More than three-fourths reported low morale, and about one-third also reported working in a toxic environment. A small percentage reported being asked to do things that they believed were procedurally or legally improper.

Though the audit was driven by workplace concerns that have arisen during Giacometto’s tenure, it didn’t indicate that employees were asked directly in the survey about her leadership individually.
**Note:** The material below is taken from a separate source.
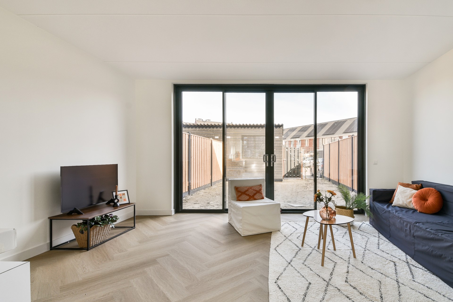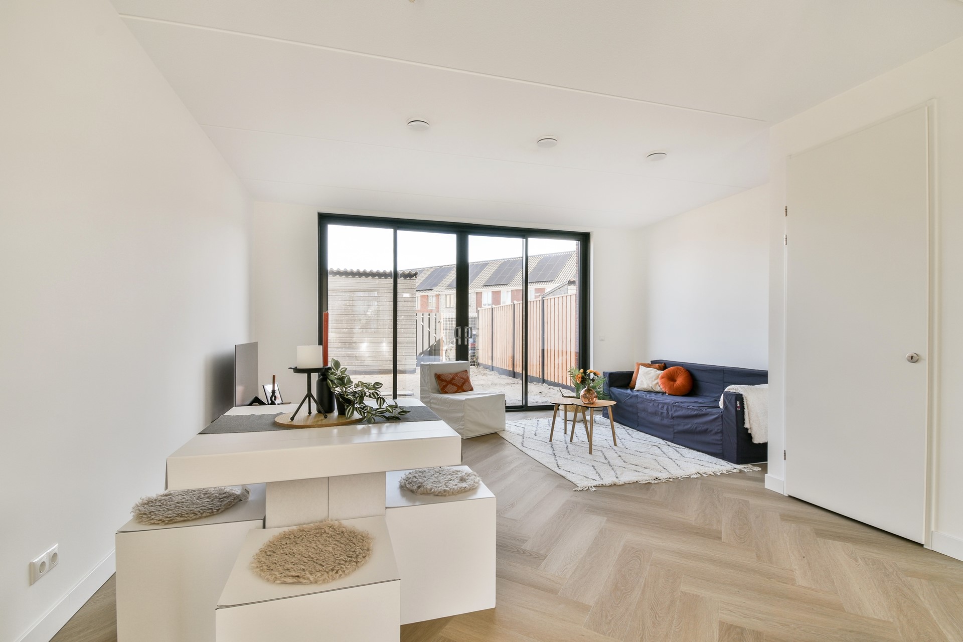 De ruime, tuingerichte woonkamer beschikt over grote raampartijen die zorgen voor een overvloed aan daglicht. Dankzij de rechte indeling is er volop ruimte voor zowel een gezellige zithoek als een royale eettafel. De strakke afwerking en nieuwe materialen geven de woonkamer een frisse en eigentijdse uitstraling.

Ward said it was troubling that legislators and the governor haven’t exercised what he considers proper oversight. He said inquiries by the Legislative Auditor’s Office and another he said was conducted by the Division of Administration were “to no avail.”

In the interview and letter, Ward said he decided he could no longer stay at the agency that has been his only job for close to 30 years — though he wasn’t ready yet to retire — because of Giacometto’s “increasingly erratic and alarmingly vicious behavior” toward agency personnel.

“LDEQ used to be an enjoyable place to work. Now, employees both long and short term are leaving the agency in droves solely because of her,” Ward wrote.

Ward also claims other midlevel and rank and file employees are leaving to escape Giacometto, noting that several top positions remain open. The letter listed a handful of examples without identifying the employees.

In response to a public records request filed months ago, a DEQ organizational chart the agency provided on Friday for the period of early February showed four openings in the secretary’s office, with at least three other departures that followed that time period.

Despite those openings and Ward’s allegations for this year, civil service data show the agency’s turnover rate was below the state average in the 2024 fiscal year, which included the first six months of the secretary’s tenure.

The state average voluntary turnover rate is 14.3%; DEQ’s voluntary rate was 10.2%, according to an annual report.

In the interview, Ward said he sent the letter to the department after he was told by HR employees that DEQ no longer was using its long-standing exit interview form following “unflattering feedback” about Giacometto’s leadership.

Ward confirmed that the unflattering feedback came from a departing employee who called Giacometto “cruel,” “evil” and “vindictive” in an exit interview, which The Advocate obtained through a public records request and reported about earlier this year.